We may require you to register in your account a valid bank account for
receiving ACH payments that is in compliance with the then-current Service
Policies, otherwise we will not be obligated to make payments of Royalties to
you unless you do so. We are entitled to accrue and withhold payments until the
total amount due is at least Ten U.S. Dollars ($10) or for payments in other
currencies, at least those amounts we set forth in the Pricing and Payment Terms. You may not maintain any action or proceeding against us in
respect of any statement unless you commence that action or suit within six (6)
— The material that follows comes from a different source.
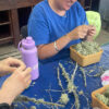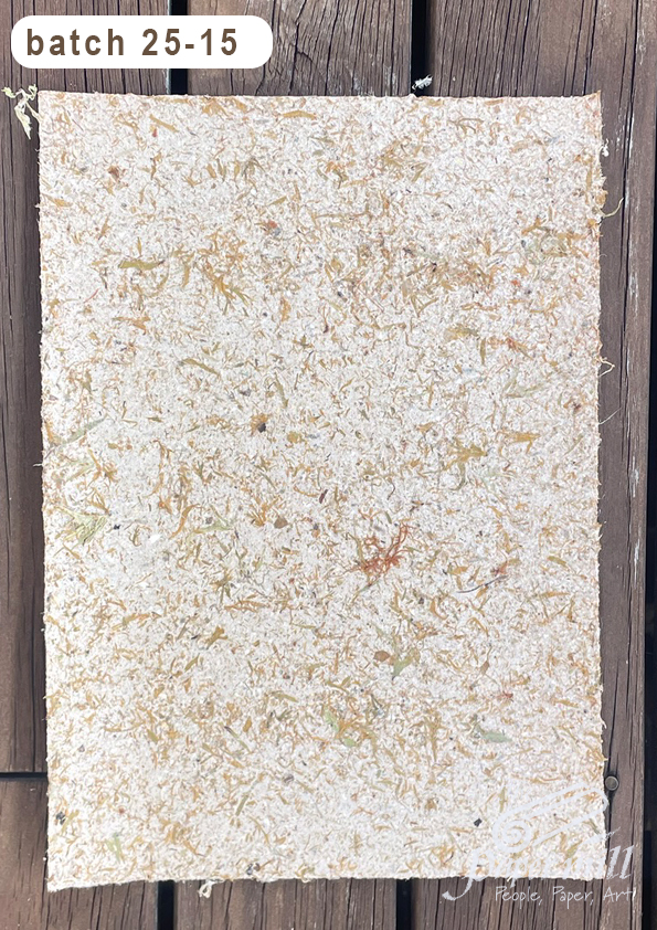 No the title is not incorrect.  We tried making paper out of pure lichen but as we suspected there wasn’t enough cellulose to hold it together so we mixed in 6 A4 sheets of recycled w. wild ginger to hold it together. Loving the texture and patterns. The Lichen was plucked from twigs boiled for a couple of courses, rinsed and put in the hollander for 2 hours where it turned orange and foamed!
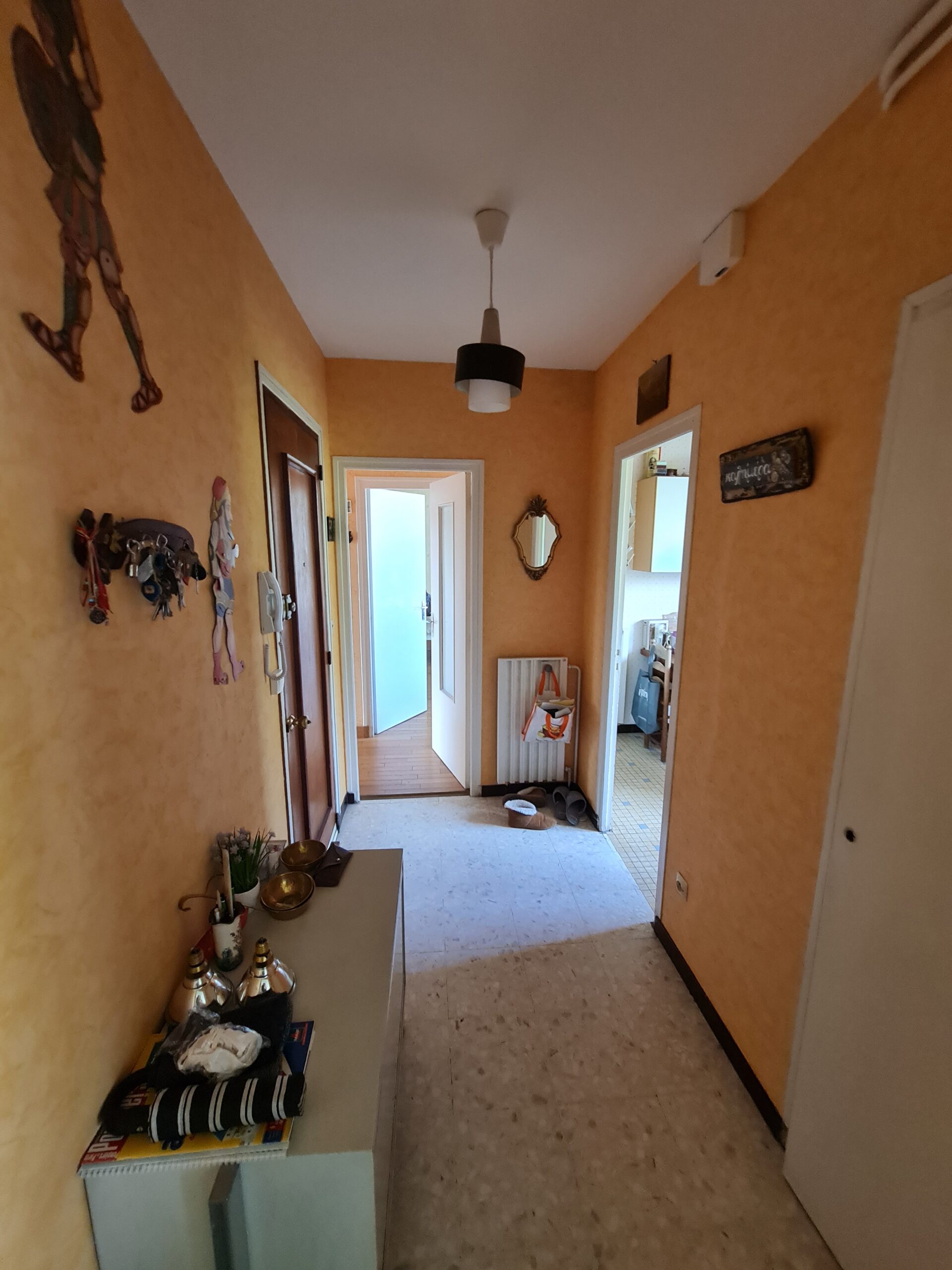 Situé au troisième étage sans ascenseur d’un petit immeuble sécurisé, soumis au régime de la copropriété, il comprend : entrée, cuisine indépendante aménagée, cellier, salon séjour avec cheminée décorative, balcon, dégagement, 3 chambres, salle d’eau, WC indépendants.

months after the date the statement is rendered. Any such action or proceeding
shall be limited to a determination of the amount of monies, if any, payable by
us to you for the accounting periods in question, and your sole remedy shall be
the recovery of those monies with no interest thereon. If we pay you a
Royalty on a sale and later issue a refund, return, or credit for such sale, we
may offset the amount of the Royalty previously paid for the sale against
future Royalties, or require you to remit that amount to us. Negative
balances can occur when the value of all refunds of your eBook during a given
payment period exceeds that value of orders for your eBook. If you have a
negative balance on your payment date, the negative balance may be offset from
future Royalty payments to you. If a third party asserts that you did not
have all rights required to make your eBook available on NOOK Press, or if we
believe that you may be in breach of your representations and warranties in
this Agreement, we will be entitled to hold all Royalties due until we
determine that the validity of the third party claim, that you were not in
breach or have fully remedied your breach, as applicable. Upon termination
of this Agreement, we may withhold all Royalties due for a period of three (3)
months from the date they would otherwise be payable in order to ensure our
ability to offset any refunds or other offsets we are entitled to take against
the Royalties.
C. Taxes. In the event that the sale or delivery of any eBook to any
customer is subject to any sales, use, good and services, VAT or similar tax
under applicable law, Barnes & Noble will collect such tax and remit it to
the taxing authorities. You are responsible for any income or other taxes
due and payable resulting from payments to you by Barnes & Noble under this
Agreement. Accordingly, unless otherwise stated, the amounts due to you
hereunder are inclusive of any taxes that may apply to such payments.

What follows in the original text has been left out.